При всем различии между этими авторскими позициями очевидно, как сходны две первые из них и сколь принципиально отличается от них третья. В ней главное – не утверждение и не отрицание того или иного постулата; в центре внимания автора – проблема обоснования любых идей и мнений. Беглость, видимая случайность штрихов при этом не случайны. Они нужны писателю, чтобы предельно индивидуализировать данный, конкретный случай и тем самым ослабить претензии проповедующего героя на общезначимость суждений.
ЧЕХОВ И ДРУГИЕ
IV
Натурализм на фоне реализма
(Проблема героя в русской прозе рубежа XIX-XX веков)
1
Исследователям литературы рубежа веков хорошо знакома проблема концов и начал. Определить время наступления новой литературной эпохи, дату, с которой в русской литературе начинался "не календарный – настоящий Двадцатый Век" (воспользуемся словами Анны Ахматовой), можно лишь с большой долей условности. Поиски истоков обновления литературы неизбежно ведут вспять, к более ранним явлениям и событиям, – и вряд ли возможно установление единственной точки отсчета.

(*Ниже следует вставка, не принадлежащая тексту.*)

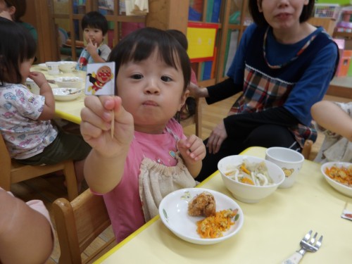 唐揚げにはみんなの大好きなアンパンマンをつけてもらい運動会がますます楽しみが持てるようにしていただきました!
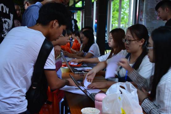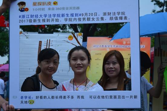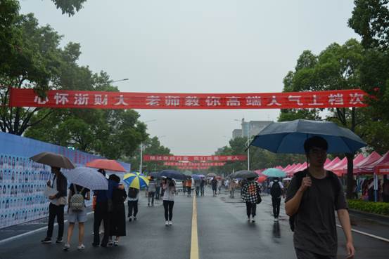 杭州的雨水并没有浇灭新生与志愿者的热情,新生报到现场,新生们在学生会提前准备的红包板上抽取了学长学姐精心制作的“开学贴士”;并与家长在合影板后拍照留念,留下他们在大学开学第一天青涩的身影。经过了签到、拍照后,新生们在志愿者的带领下办理入学手续,每人拿到了一份沉甸甸的资料袋,把之后新生在学习生活上的各种问题“一网打尽”,一张明晰详尽的新生入学事宜日程表将这几天入学报到后的各项安排“一览无余”。伴随着最后一名新生的到来,黄漫
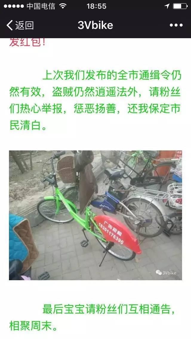 3Vbike单车运营的4个月间,单车丢失一直是困扰其发展的重要问题。为了解决这个问题,3Vbike多次在微信订阅号中提醒用户规范停车,同时,还采取了将车骑到指定地点奖励用户骑行券等措施。
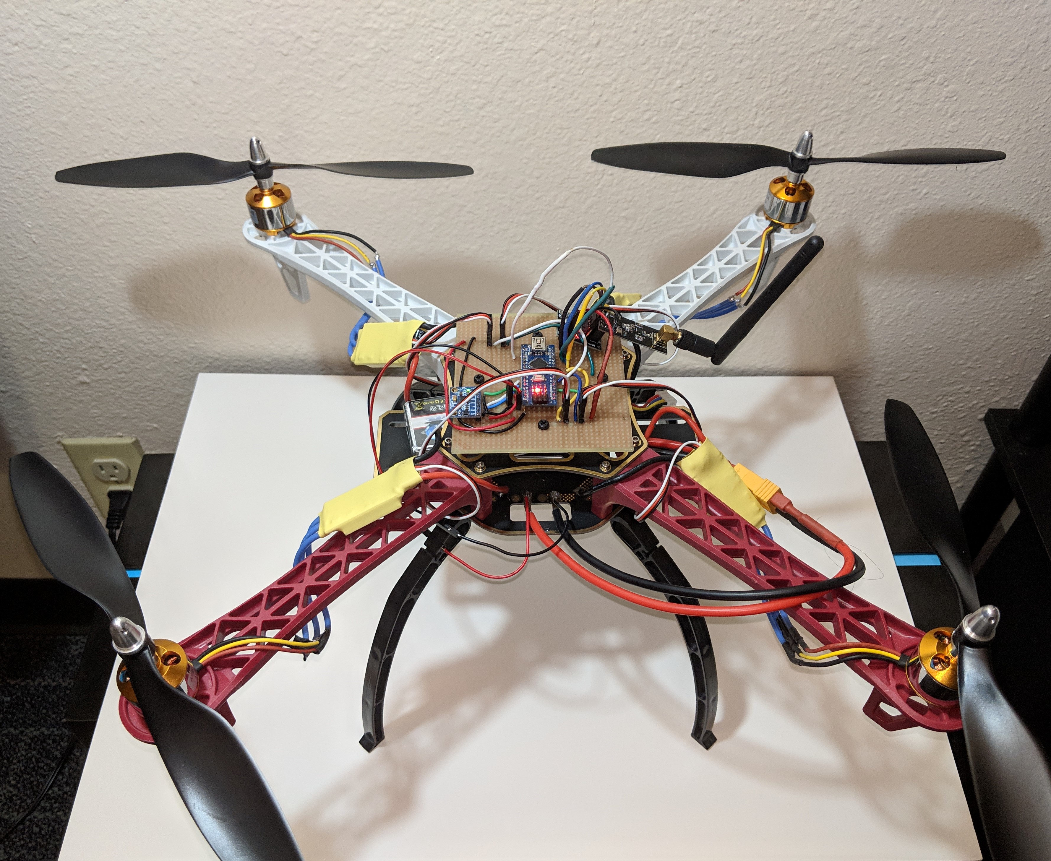 between Flight Controller 2.0 (top), Arduino Uno (left), and Flight
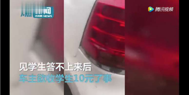 车主问对方打算赔偿多少,学生大概猜到车价值不菲,呆在当场,不敢回答。车主说:“赔十块钱吧?你身上有吗?”
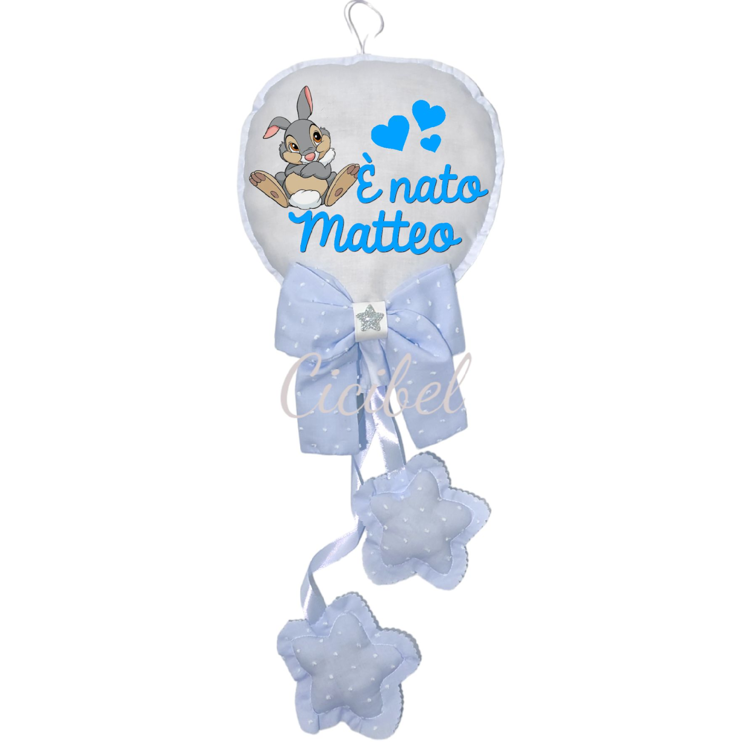 Annuncia in modo unico la nascita del tuo bebè con il fiocco nascita PALLONCINO. Personalizzabile con il nome del tuo bambino, realizzato artigianalmente nel nostro laboratorio italiano con 100% cotone.

"Настоящее землетрясение в читающем мире" произвела, открыв таким образом десятилетие, опубликованная в 1891 году повесть Л. Толстого "Крейцерова соната". Первое произведение русской литературы (и самого Толстого), которое еще до легального выхода в России получило столь широкую мировую известность, повесть оказала сильнейшее влияние на пути развития прозы 1890-х годов. Именно в творческом диалоге с Толстым, откликаясь не только на "Крейцерову сонату", но и на мощную полемику, ею вызванную, вырабатывал в девяностые годы свой новый художественный язык Чехов. Горький назовет в 1900 году чеховскую "Даму с собачкой" знамением конца одной литературной эры и необходимости начала новой. Но в этом позднем шедевре отыскиваются следы переклички с повестью Толстого, которую Чехов десятью годами ранее называл несравненной "по важности замысла и красоте исполнения" (П 4, 10). "Крейцерова соната", в свою очередь, неотделима от толстовских исканий предшествующего десятилетия, восьмидесятых годов, когда она создавалась в ряду других его "послепереломных" произведений. А на "выходе" девятнадцатого века оказалось толстовское "Воскресение"– художественное "завещание уходящего столетия новому" (А. Блок).
Горький, говоря о том, что Чехов убивал реализм, доведя его до пределов совершенства, констатировал при этом: "Эта форма отжила свое время– факт!" (Письма, т. 2, с. 8). Разговоры о смерти (варианты: отжитости, упадке) реализма будут не раз возникать на протяжении XX века. Если в литературоведческих дискуссиях недавнего прошлого утверждения о смертельном кризисе реализма на рубеже веков должны были доказывать неизбежность его вытеснения реализмом социалистическим, в наши дни покушения на реализм идут с иных сторон. В споре с догмами советского литературоведения Д. Затонский задает вопрос: "Существует ли реализм?" и утверждает, что само это понятие "неизбежно должно быть отринуто" как "химера", "литературоведческий нонсенс". Основание для приговора: "ведущие признаки" реализма сводятся лишь к "социальному анализу" и "жизнеподобию", и в новом веке от них, "кажется, ничего не осталось". В ряде работ западных и отечественных исследователей выдвигается понимание реализма как разновидности романтизма, как "эпизода в интенсивной смене романтических стилей", и все искусство XIX-XX веков включается в "орбиту так или иначе толкуемого романтизма".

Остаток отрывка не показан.